The participation of EURAMET’s European Metrology Network in a European Parliament climate event brings light to the importance of measurement science

Earlier in 2019, EURAMET’s European Metrology Network (EMN) for Climate and Ocean Observation took part in a Knowledge for Innovation (K4I Forum) Dinner Debate at the European Parliament in Brussels. The parliamentary event brought together policymakers, key stakeholders, and meteorological experts from all over Europe to discuss the future of collaborative research and to examine routes for addressing ever-impending climate challenges.

The changing climate is a primary area of concern for scientific researchers around the world. Uniquely, measurement science is critical for supporting all climate-based research, by providing the tools for accurately monitoring essential climate variables and understanding long-term climate trends. EURAMET launched the European Metrology Network (EMN) for Climate and Ocean Observation to provide a unified focal point for the integration of measurement science with climate and ocean observation research. Alongside EURAMET projects, the EMN is sharpening its focus on the involvement of stakeholders and the dissemination of key project results, with the aim of helping Europe to meet crucial environmental and climate targets.

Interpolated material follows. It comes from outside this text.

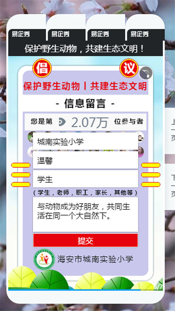 倡议发出后,立即得到了学生、家长和老师的积极响应,仅用1小时20分,参与活动的人数就已破万!广大师生家长不仅自己参与活动,还通过微信转发等方式进行扩散,让更多的人成为生态文明建设的光荣使者。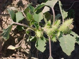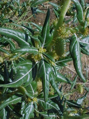 Xanthium spp. Cackle bur, Boetebossie DISTRIBUTION: Usually to be found in disturbed soil, Xanthium spinosum was the first exotic species to be officially declared an invasive weed. (1860). SYSTEMS AFFECTED: Skin and appendages.

The last report of the Intergovernmental Panel on Climate Change (IPCC) has indicated an urgent need for environmental action over the upcoming decade. In response to this, the EU has been working to provide global leadership on climate action by developing initiatives to reduce emissions and to offer free, publicly-accessible environmental data. Advanced technologies, strategies for energy-intensive industries and accurate monitoring of the state of the planet are all recognised by the EU as necessary for mitigating climate change – all of which are underpinned by high quality measurement science.

The K4I debate provided a much-needed platform to encourage collaborative discussions about climate change and the influence of measurement science on our understanding of it, as well as allowing the EMN to engage with significant stakeholders like ESTEP – the European Steel Technology Platform. In fact, during the debate, ESTEP representatives evaluated the organisation’s role in driving the steel industry towards reduced carbon emissions. Speakers from the Copernicus Climate Change Service (Europe’s fundamental climate data system) and the World Meteorological Organisation (the UN’s specialised agency for weather and climate) additionally participated in the event and shared their ideas for mitigating anthropogenic climate change.

Emma Woolliams, the EMN Chair, had the opportunity to give the opening speech at the debate, where she emphasised the need for continued measurement science research to meet ambitious environmental targets – including the EU’s aim to become completely carbon neutral by 2050. This discussion led to the successful engagement of key climate players, fostering a deeper appreciation of the fundamental need for robust data to tackle climate challenges amongst those present at the event.

Providing a view of the impact of the K4I debate, Emma Woolliams comments:

“This debate provided a valuable opportunity to talk directly with decision makers, hearing about the value for them of reliable environmental data and telling them about the work that metrologists across Europe are doing to improve the reliability and accuracy of such measurements.

“I gave just three examples: improving the quality of measurements of ocean acidity (which increases as carbon dioxide is absorbed by the ocean and thus both indicates climate change and affects the whole marine ecosystem), the measurement of refrigerant gases in the atmosphere (which are controlled by international treaties and were identified by Project Drawdown as the top priority for mitigating climate change), and the calibration and validation of the Sentinel Satellites that underpin the Copernicus Environmental Information Services”.

Since discussions at the event on topics ranging from industrial plant control to climate monitoring improvements, Europe’s measurement science community has worked to strengthen its commitment to supporting climate observation and data accuracy. The cooperation and common effort of several scientific disciplines, policymakers and industrial organisations will ensure that the EU leads the way in mitigating climate change and bringing about sustainable growth across the globe.